We have three different levels of Species
. We can ask n-1
different questions about the variable, so we can make 3-1=2
different contrast codes. For our first contrast code, let’s say that we’re interested in if setosa
is significantly different than versicolor
. We can look at the levels(iris$Species)
output above to refresh ourselves on what order the levels are.
contrast1 <- c(-1, 1, 0)
For our second contrast code, let’s look to see if versicolor
and virginica
are significantly different from each other.
contrast2 <- c(0, 1, -1)
Now that we have our contrast codes made, we need to apply them to our Species
variable.
contrasts(iris$Species) <- cbind(contrast1, contrast2)
We can double check that we did our contrast codes correctly by using the contrasts()
function.
contrasts(iris$Species)
## contrast1 contrast2
## setosa -1 0
## versicolor 1 1
## virginica 0 -1
Let’s go ahead and run our one-way ANOVA with our new contrast codes.
m2a <- aov(Sepal.Length ~ Species, data = iris)
summary(m2a)
## Df Sum Sq Mean Sq F value Pr(>F)
## Species 2 63.21 31.606 119.3 <2e-16 ***
## Residuals 147 38.96 0.265
## ---
## Signif. codes: 0 '***' 0.001 '**' 0.01 '*' 0.05 '.' 0.1 ' ' 1
Notice that the omnibus ANOVA output doesn’t change - this is to be expected. We’ll see the difference when we look at the regression output with summary.lm()
summary.lm(m2a)
##
## Call:
## aov(formula = Sepal.Length ~ Species, data = iris)
##
## Residuals:
## Min 1Q Median 3Q Max
## -1.6880 -0.3285 -0.0060 0.3120 1.3120
##
## Coefficients:
## Estimate Std. Error t value Pr(>|t|)
## (Intercept) 5.84333 0.04203 139.02 <2e-16 ***
## Speciescontrast1 0.83733 0.05944 14.09 <2e-16 ***
## Speciescontrast2 -0.74467 0.05944 -12.53 <2e-16 ***
## ---
## Signif. codes: 0 '***' 0.001 '**' 0.01 '*' 0.05 '.' 0.1 ' ' 1
##
## Residual standard error: 0.5148 on 147 degrees of freedom
## Multiple R-squared: 0.6187, Adjusted R-squared: 0.6135
## F-statistic: 119.3 on 2 and 147 DF, p-value: < 2.2e-16
Often, you’ll see the results of one-way ANOVAs visualized through bar graphs. We can use the code below to do that for the iris
data.
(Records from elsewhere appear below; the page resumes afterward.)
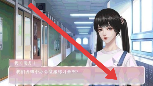 3、与角色明月(对话界面)互动,面对“我们去哪个办公室搬练习册啊?”的提问,选择箭头指向的回复选项。
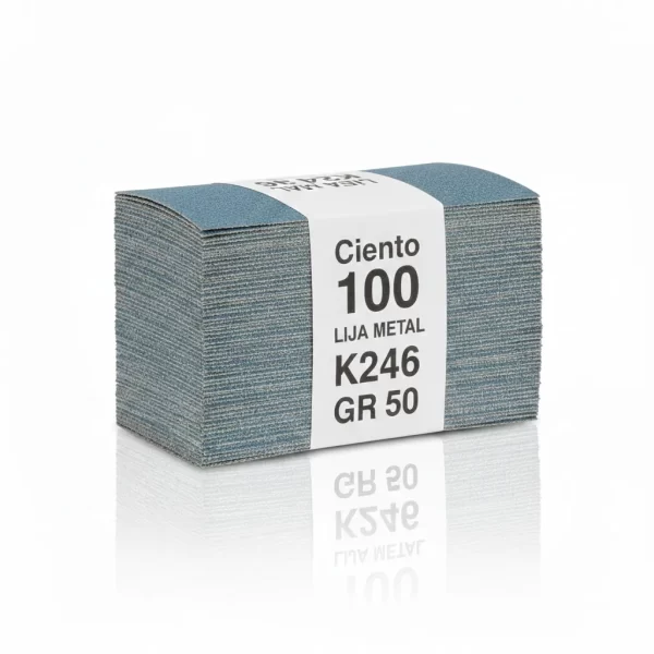 La “Ciento Lija Metal K246 Gr 50” es ideal para trabajos en metal que requieren desbaste pesado y eliminación de óxido, gracias a su grano 50 de óxido de aluminio.
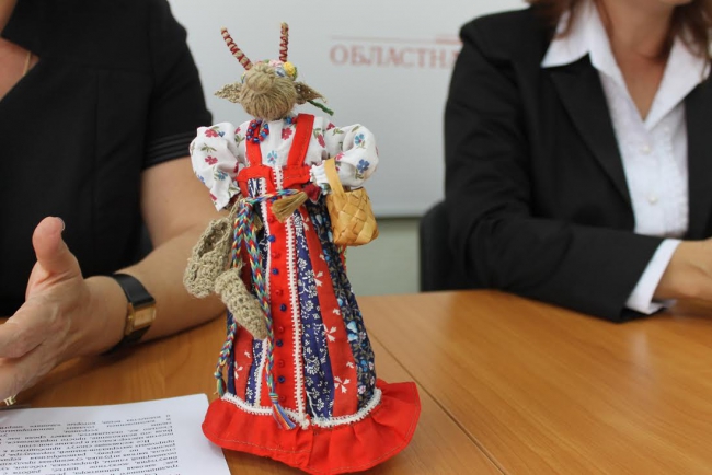 Продолжая свою речь, министр машинально взяла одну тряпичную куклу в виде козы в женском сарафане из числа работ мастеров, разложенных на столе. «Она такая многоликая, красочная и яркая, как вся наша область», - сказала Краснощекова, взглянув на куклу.
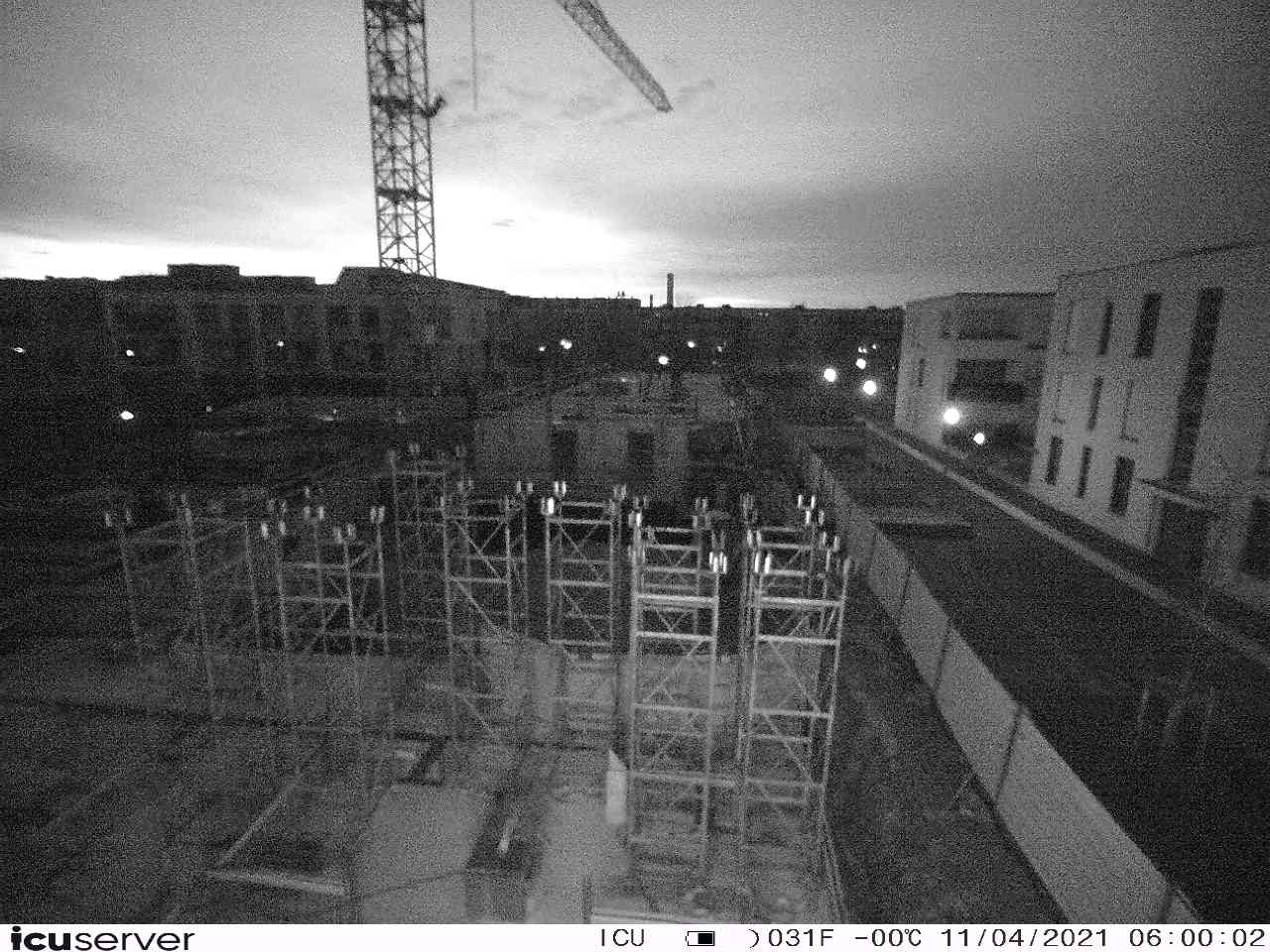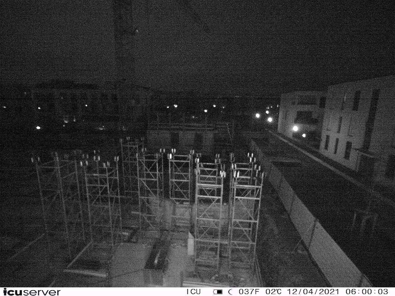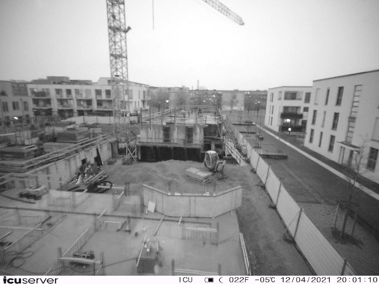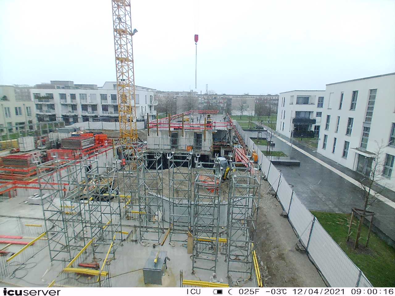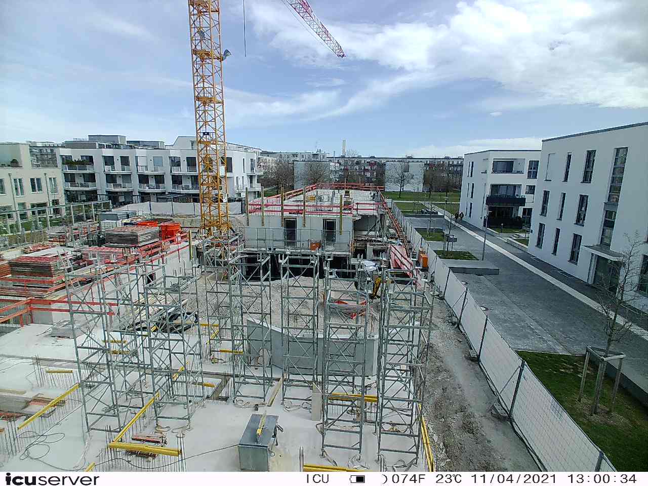 Die Kamera steht am westlichen Ende der Baustelle. Sie blickt nach Osten. Bilder: 26. Februar - 13. August 2021.
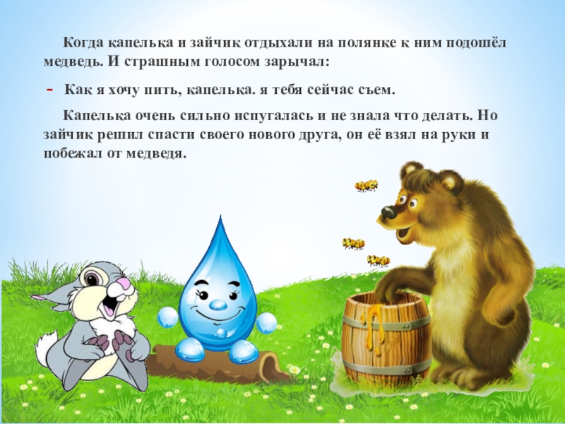 Когда капелька и зайчик отдыхали на полянке к ним подошёл медведь. И страшным голосом
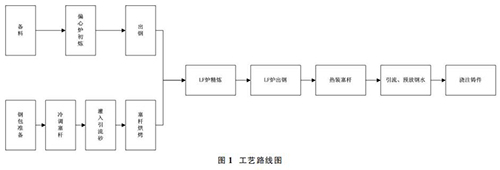1.1 偏心爐+LF 爐雙聯(lián)冶煉工藝,鋼包冷調(diào)、熱裝飽和蒸汽流量計(jì)工藝路線圖簡介如圖 1。
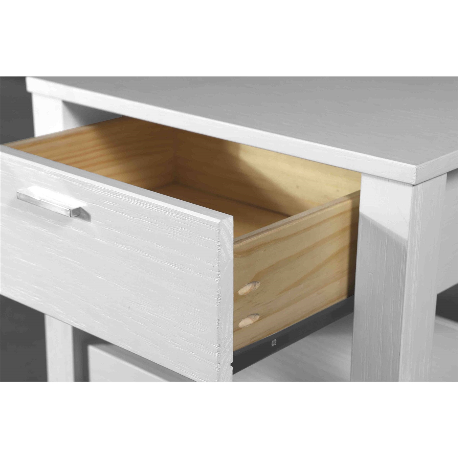 Give your bedroom a modern look with the FarmHouse Traditional Rustic White 1 Drawer Nightstand. This design has a drawer on metal glides and a modern aluminum pull. Made of 100% solid pine wood, this nightstand features a sturdy construction that can last for years.
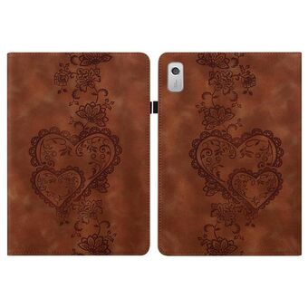 For Lenovo Tab M9 Love Hearts Embossed Leather Tablet Case(Brown)
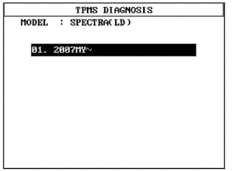 1. After selecting "01. TPMS DIAGNOSIS" from the Initial Screen, select the desired vehicle and press ENTER.
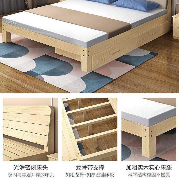 实木床1.8米松木双人床1.5米经济型成人现代简约简易1mm单人床架
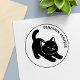 Cute cartoon illustration of a black cat having a good stretch. Customizable text.
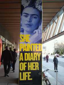 Kahlo painted the landscape of her soul and leaves it all on the canvas – passion, the pain, her love of Mexico and its indigenous art. The canvasses depicting her physical and emotional turmoil are visceral, haunting, heart- and gut-wrenching. Beautiful and terrible at the same time. As Kira and I wandered through the exhibit, we chatted about the work, the artists and the film Frida – where director Julie Taymor so brilliantly used Kahlo’s paintings and palette, making the work come to life, and where Salma Hayek so fully inhabited the character of this beautiful and remarkable woman and artist.
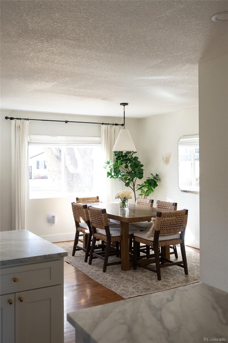 Welcome home to this thoughtfully upgraded ranch on a quiet street in University Hills. The seller invested heavily in high end finishes that are rarely seen at this price point. The kitchen features Calacatta marble countertops, a Zellige tile backsplash, Waterworks plumbing fixtures, custom woodworking and hood, and a Thermador appliance package. Designer Visual Comfort lighting and custom Roman shades are installed throughout the home, setting it apart from typical developer renovations. Between 2020 and 2021, the home underwent major system upgrades including a new roof, siding, windows, HVAC with central air, plumbing, and a fully updated electrical system with a new panel. Additional interior improvements include solid oak hardwood flooring and remodeled bathrooms. Both the front and backyard have been professionally landscaped with new irrigation and drip systems. The landscaping was fully redone with new sod, a premium wood fence, and upscale plantings including Limelight hydrangeas, a peach tree, roses, boxwoods, and dogwood shrubs. Behind the garage is a dedicated kitchen garden with four planter boxes. This is a turnkey home where high end quality was prioritized at every stage, don't miss this rare opportunity!

If you need a refresher on visualizing data in R, check out the Graphing in ggplot2 tutorial.
ggplot(data = iris, mapping = aes(x = Species, y = Sepal.Length)) +
geom_bar(stat = "summary", fun = "mean") +
geom_errorbar(stat = "summary", width = 0.2, fun.data = "mean_cl_normal") +
jtools::theme_apa() +
labs(x = "Iris Species", y = "Mean Sepal Length")
We could also use the line graph that we created earlier (provided below), but be careful doing this. Using a line graph tends to imply some level of continuity in your categorical variables even if there isn’t any.
ggplot(data = iris, mapping = aes(x = Species, y = Sepal.Length)) +
geom_line(group = 1, stat = "summary", fun = "mean") +
geom_point(stat = "summary", fun = "mean") +
geom_errorbar(stat = "summary", width = 0.2, fun.data = "mean_cl_normal") +
jtools::theme_apa() +
labs(x = "Iris Species", y = "Mean Sepal Length")